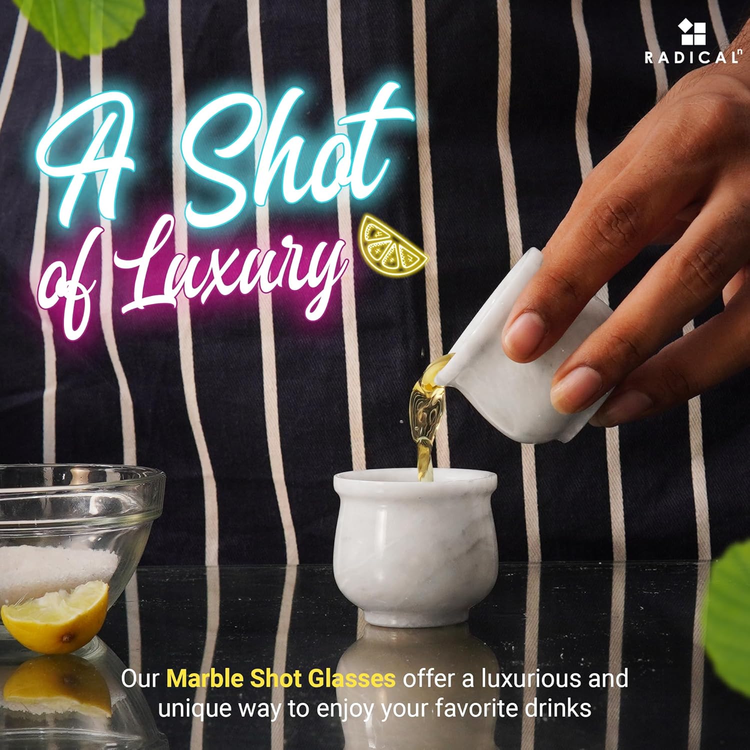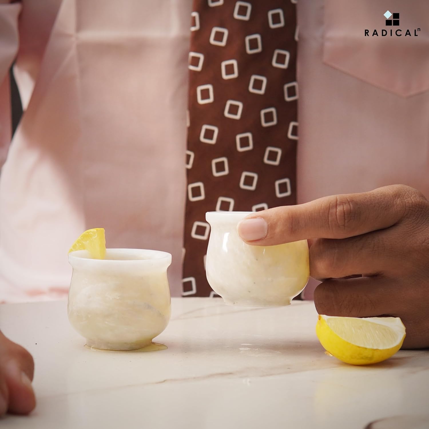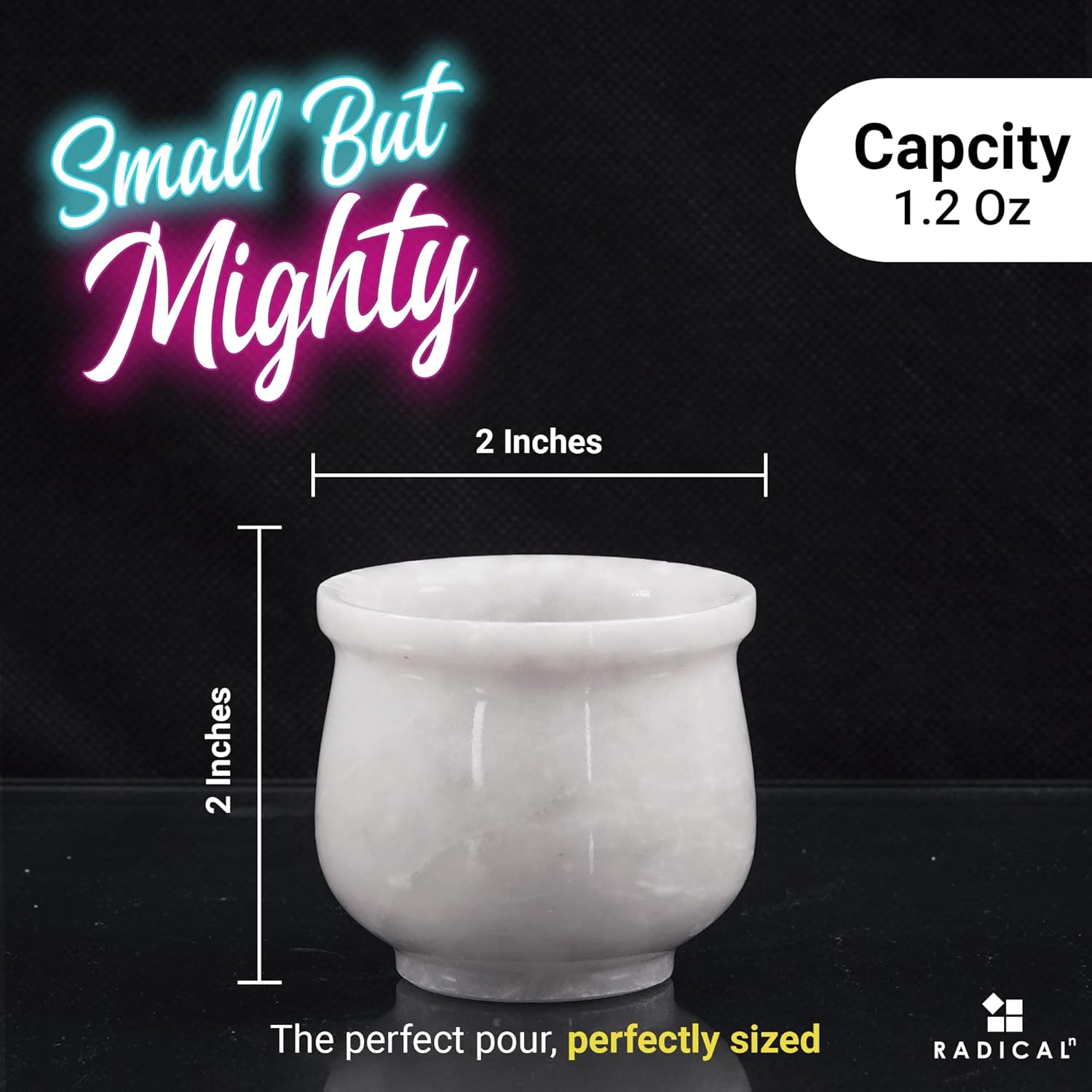 Radicaln Marble Shot Glasses White 2" Inches Handmade Small Whiskey Glasses for Bar Set - Tequila Glasses Set of 2 for Drinking Wine, Beer & Vodka, Shot Glasses Set
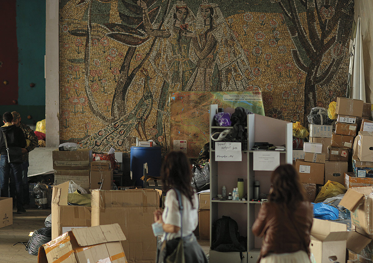 Անկյունում մի նիհար, վառվող աչքերով աղջիկ էր կանգնած։ Իրինան էր, արդեն 14 օր հաճախում էր ՈՄԱ-ի կուրսերին. «Սպասում եմ ՊՆ-ն հրամանս տա՝ գնամ, աղջիկ կամավորների համար նրանց թույլտվությունն է պետք։ Ես քաղաքացիական կյանքում դերասանուհի եմ, բայց հիմա դուրս ենք եկել մեր ստերիլ պայմաններից, ուրիշ տարբերակ չունենք»։ Լռում ենք։ Ավելացնում է. «Բայց ՈՄԱ-ն պատերազմի մասին չէ, այլ ապրելու, ողջ մնալու ...»։ Անկյունում կամավորներն անհատական դեղատուփեր են հավաքում զինվորների համար։
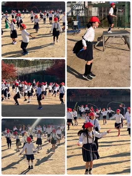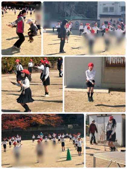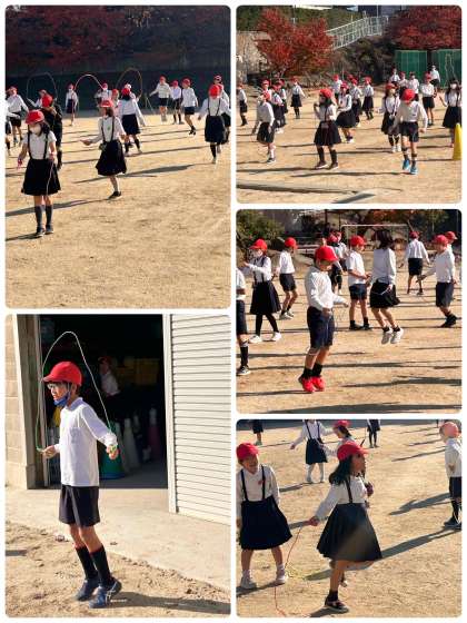 みんな一生懸命に跳んでいます。頑張りカードにたくさん塗って、なわとび名人めざしましょう!
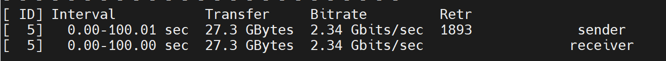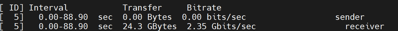 [SUM] 0.00-10.00 sec 1.89 GBytes 1.62 Gbits/sec receiver
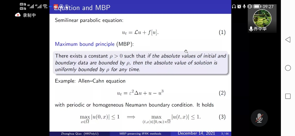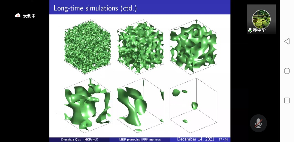 12月14日上午,应数学与数据科学学院邀请,香港理工大学乔中华教授做客贝博官网“前沿科学报告”,通过腾讯会议作了题为“Maximum bound principle preserving integrating factor Runge-Kutta methods for semilinear parabolic equations”的线上报告。报告会由数学学院副院长李剑教授主持,学院相关专业教师和研究生参加了报告会。
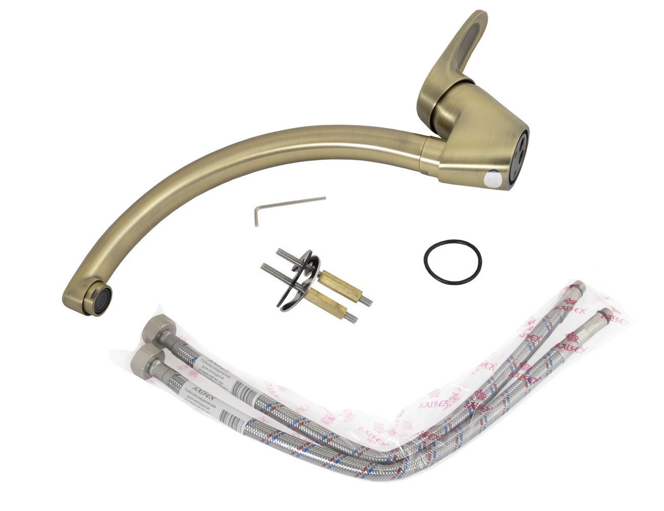 Смеситель для кухни Kaiser County 55244 выполнен в современном и стильном дизайне, превосходно сочетающимся в интерьере кухни. Надежная конструкция, встроенный керамический картридж и латунный корпус дают гарантию, что сантехника не утратит внешней привлекательности и своих функциональных качеств даже спустя длительное время.
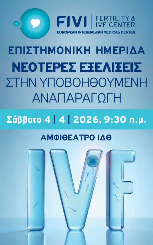 Με ιδιαίτερη χαρά σας προσκαλούμε να συμμετάσχετε ενεργά στην επιστημονική ημερίδα της Μονάδας Ιατρικώς Υποβοηθούμενης Αναπαραγωγής «FIVI» με θέμα: «ΝΕΟΤΕΡΕΣ ΕΞΕΛΙΞΕΙΣ ΣΤΗΝ ΥΠΟΒΟΗΘΟΥΜΕΝΗ ΑΝΑΠΑΡΑΓΩΓΗ 2026», η οποία θα διεξαχθεί δια ζώσης το Σάββατο 4 Απριλίου 2026 στο Αμφιθέατρο του Ιατρικού Διαβαλκανικού Θεσσαλονίκης.
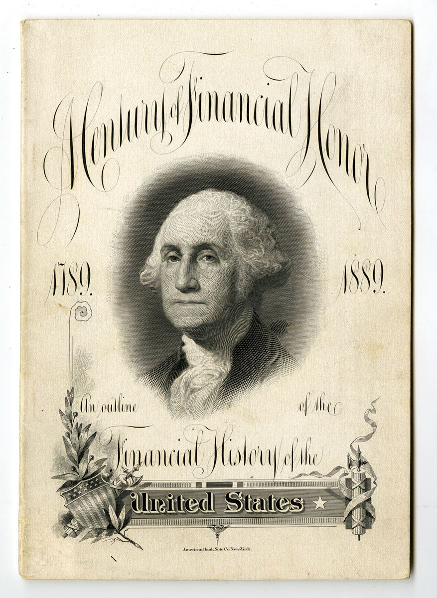 New York, 1889. Octavo sized book by Harvey Fisk & Sons Bankers of the Financial History of the United States of America, 27 pages of text and advertisements, Intaglio printed vignette of George Washington on cover, and Martha Washington and I think Madison flanking a standing allegorical Justice, Choice AU condition with very light handling condition, Printed by ABNC. This is the first time we have handled this item.
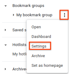 3. बुकमार्क ग्रुप के नाम पर कर्सर घुमाएं और "ज़्यादा" आइकॉन पर क्लिक करें.
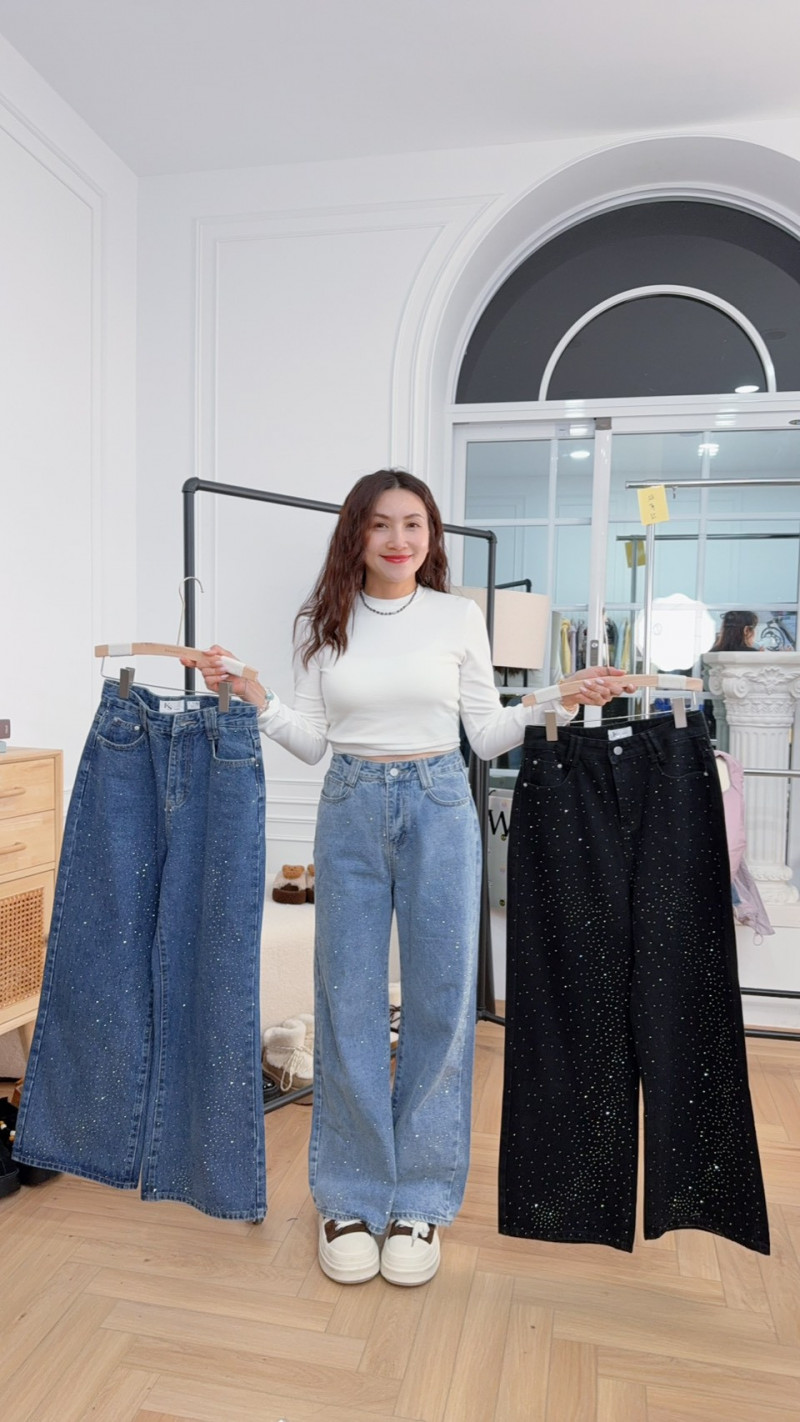 熱賣中🔥 即將售完(預購029)女V1219-燙亮鑽闊腿牛仔長褲
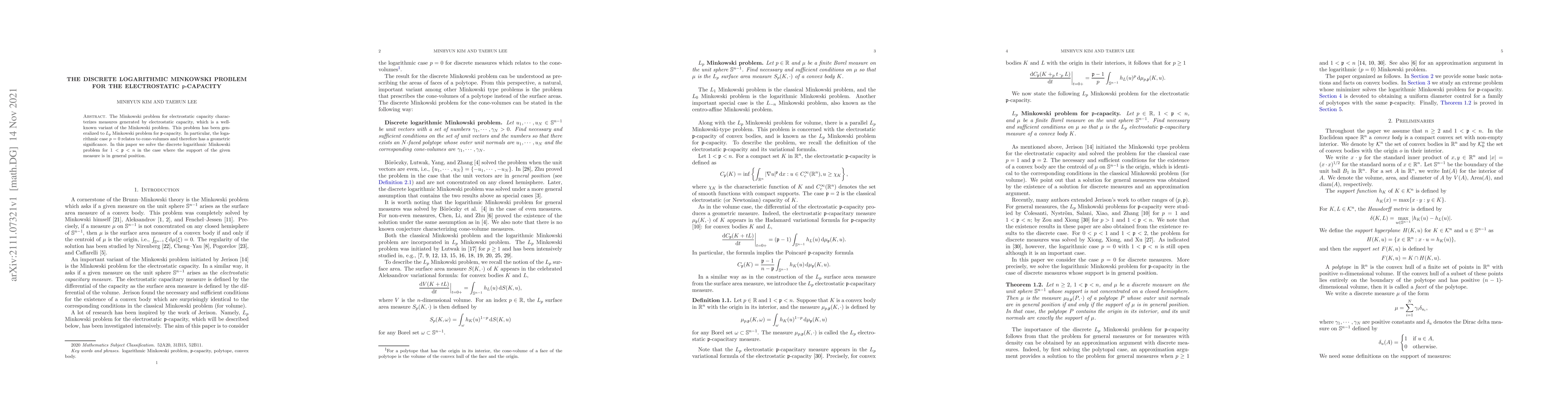 Minkowski problem. This problem has been generalized to $L_p$ Minkowski problem
• • • • •
■ WHAT THE EXERCISE ASKS
Look above for the line with "みんな一生懸命に跳んでいます" and copy exactly from it through the line with "bound principle preserving", both included. Omit the pictures.

■ TASK ANSWER
 みんな一生懸命に跳んでいます。頑張りカードにたくさん塗って、なわとび名人めざしましょう!
 [SUM] 0.00-10.00 sec 1.89 GBytes 1.62 Gbits/sec receiver
 12月14日上午,应数学与数据科学学院邀请,香港理工大学乔中华教授做客贝博官网“前沿科学报告”,通过腾讯会议作了题为“Maximum bound principle preserving integrating factor Runge-Kutta methods for semilinear parabolic equations”的线上报告。报告会由数学学院副院长李剑教授主持,学院相关专业教师和研究生参加了报告会。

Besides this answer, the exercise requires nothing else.